■ **Extracted information**
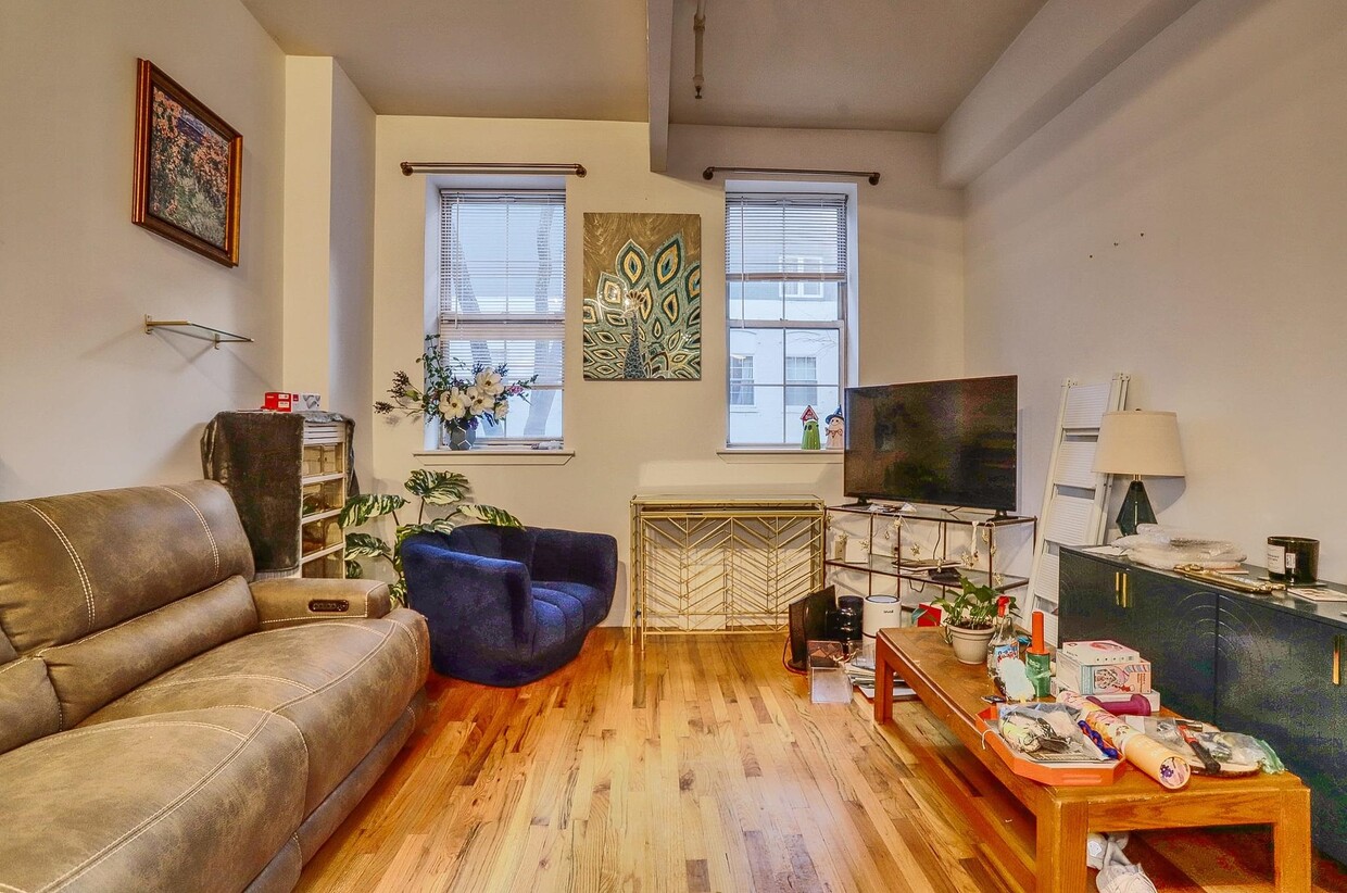 Stunning and expansive true loft home located in Hoboken's historic candy factory that boasts soaring 13-foot high ceilings. Deeded parking spot included in rent!!!! This open layout provides a sizable living room that will easily fit a sectional couch and dining table for maximum comfort. Bedroom extends space for a king-sized bed. Apartment also features hardwood floors, dishwasher and microwave/vent. Within close proximity to Trader Joe's and easy access to all that Hoboken has to offer. Transportation to NYC just blocks away. Building amenities include washer/dryer in the basement, an elevator and parking in the building. The building's great uptown location makes this the perfect home. Available for a 2/1-2/15 move in.
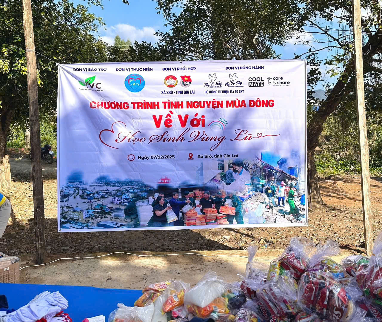 Sáng ngày 7/12/2025, Công ty TNHH Doanh nghiệp xã hội từ thiện và hỗ trợ phát triển cộng đồng Fly To Sky, Nhóm từ thiện Fly To Sky (trực thuộc Trung tâm Tình nguyện Quốc gia - Trung ương Đoàn TNCS Hồ Chí Minh), Dự án Care & Share (Coolmate) đồng hành cùng CLB Tấm lòng vàng An Khê tổ chức Chương trình Tình nguyện Mùa Đông - Về với học sinh vùng lũ.
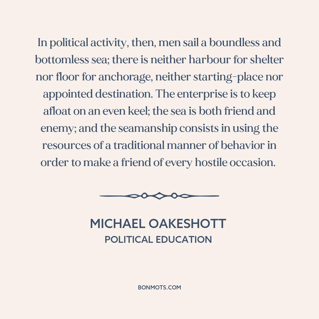 In political activity, then, men sail a boundless and bottomless sea; there is neither harbour for shelter nor floor for anchorage, neither starting-place nor appointed destination. The enterprise is to keep afloat on an even keel; the sea is both friend and enemy; and the seamanship consists in using the resources of a traditional manner of behavior in order to make a friend of every hostile occasion.
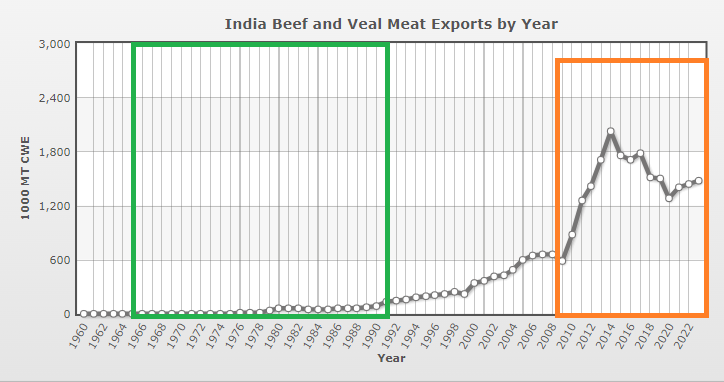 इस कार्य के लिए ही बीफ एक्सपोर्ट करने वाली कम्पनियों से मोदी ने 250 करोड़ चंदा लिया. इस चंदे के कारण ही देश में गौहत्या बहुत तेजी बढ़ी और पूर्व की कांग्रेस सरकार की तुलना में कई गुना बढ़ोत्तरी हुई. नीचे दिए गये चार्ट में हरे रंग में घेरे गये वर्षो को देखें जब कांग्रेस की स्ट्रांग सरकार थी तब बीफ निर्यात न के बराबर है, जब कांग्रेस कमजोर हुई और भाजपा सत्ता में आई तब बीफ का निर्यात बढ़ा जिसे भगवा रंग में घेरा गया है.
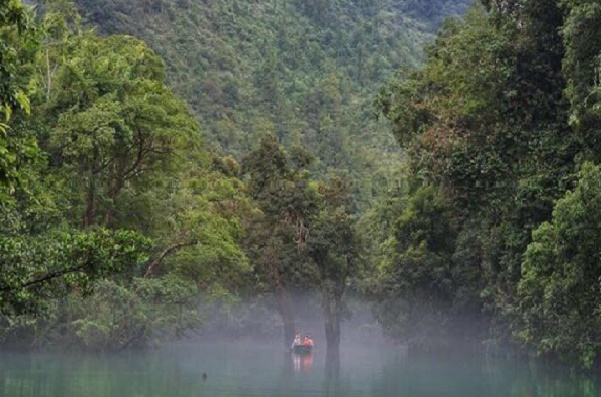 小七孔景区最精彩的部分是鸳鸯湖,也是整个游程的终点站。鸳鸯湖湖水碧绿凝重,因湖中有两棵并排参天的大树而得名。游湖需要乘坐湖上的手摇游船(船费30元/人),湖面上水道交错相连,但四通八达,大大小小的岛屿点缀其间,茂密的枝叶将视线遮挡,仿佛进入了水上迷宫。不过迷路了也无须担心,水上
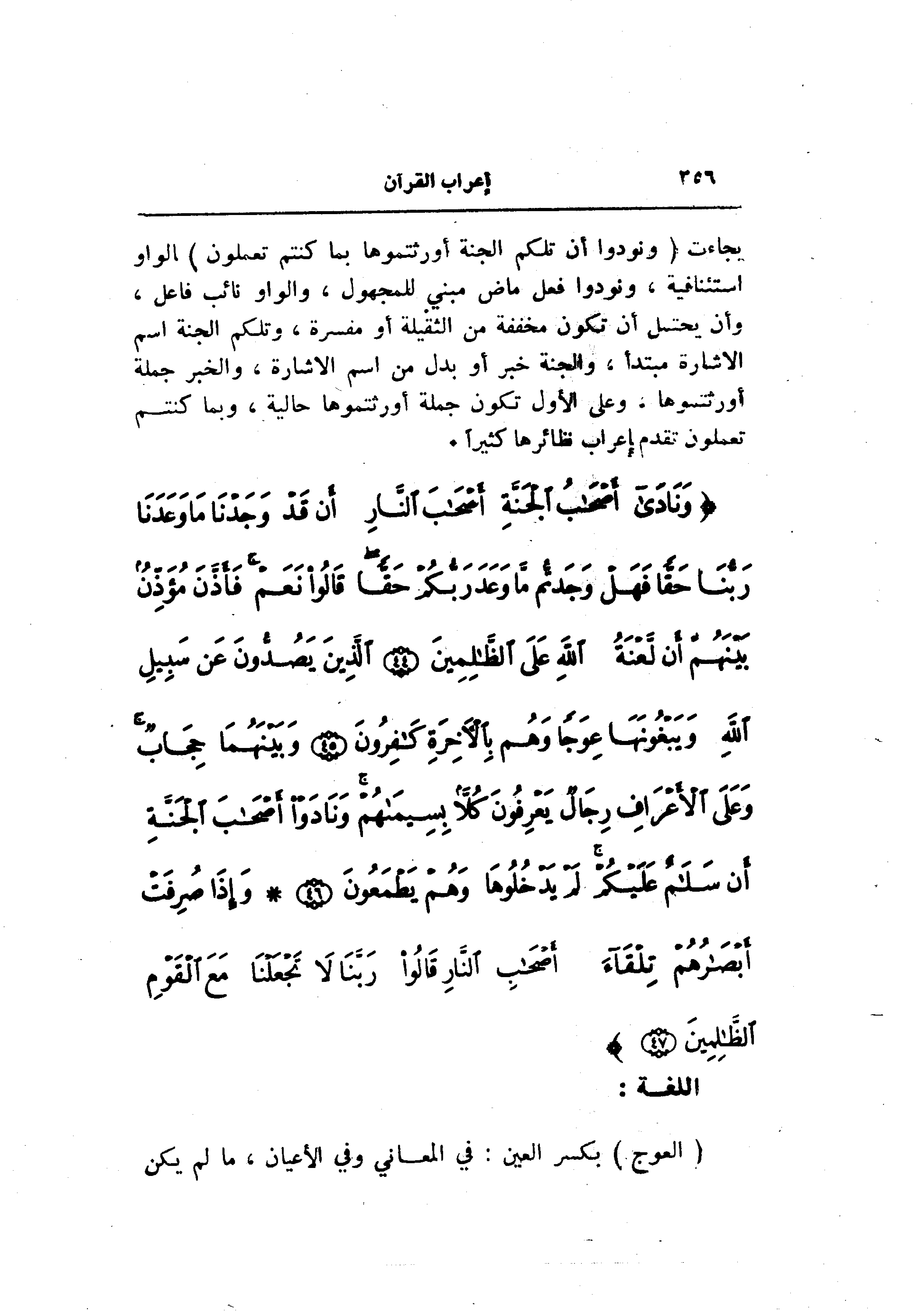 بجاءت (وَنُودُوا أَنْ تِلْكُمُ الْجَنَّةُ أُورِثْتُمُوها بِما كُنْتُمْ تَعْمَلُونَ) الواو استئنافية، ونودوا فعل ماض مبني للمجهول، والواو نائب فاعل، وأن يحتمل أن تكون مخففة من الثقيلة أو مفسرة، وتلكم الجنة اسم الاشارة مبتدأ، والجنة خبر أو بدل من اسم الاشارة، والخبر جملة أورثتموها. وعلى الأول تكون جملة أورثتموها حالية، وبما كنتم تعملون تقدم إعراب نظائرها كثيرا.

■ **Work instruction**
Copy word for word the lines of the records above from the one with "In political activity, then, men" up to and including the one with "小七孔景区最精彩的部分是鸳鸯". Skip the pictures.

■ **Reply to the task**
 In political activity, then, men sail a boundless and bottomless sea; there is neither harbour for shelter nor floor for anchorage, neither starting-place nor appointed destination. The enterprise is to keep afloat on an even keel; the sea is both friend and enemy; and the seamanship consists in using the resources of a traditional manner of behavior in order to make a friend of every hostile occasion.
 इस कार्य के लिए ही बीफ एक्सपोर्ट करने वाली कम्पनियों से मोदी ने 250 करोड़ चंदा लिया. इस चंदे के कारण ही देश में गौहत्या बहुत तेजी बढ़ी और पूर्व की कांग्रेस सरकार की तुलना में कई गुना बढ़ोत्तरी हुई. नीचे दिए गये चार्ट में हरे रंग में घेरे गये वर्षो को देखें जब कांग्रेस की स्ट्रांग सरकार थी तब बीफ निर्यात न के बराबर है, जब कांग्रेस कमजोर हुई और भाजपा सत्ता में आई तब बीफ का निर्यात बढ़ा जिसे भगवा रंग में घेरा गया है.
 小七孔景区最精彩的部分是鸳鸯湖,也是整个游程的终点站。鸳鸯湖湖水碧绿凝重,因湖中有两棵并排参天的大树而得名。游湖需要乘坐湖上的手摇游船(船费30元/人),湖面上水道交错相连,但四通八达,大大小小的岛屿点缀其间,茂密的枝叶将视线遮挡,仿佛进入了水上迷宫。不过迷路了也无须担心,水上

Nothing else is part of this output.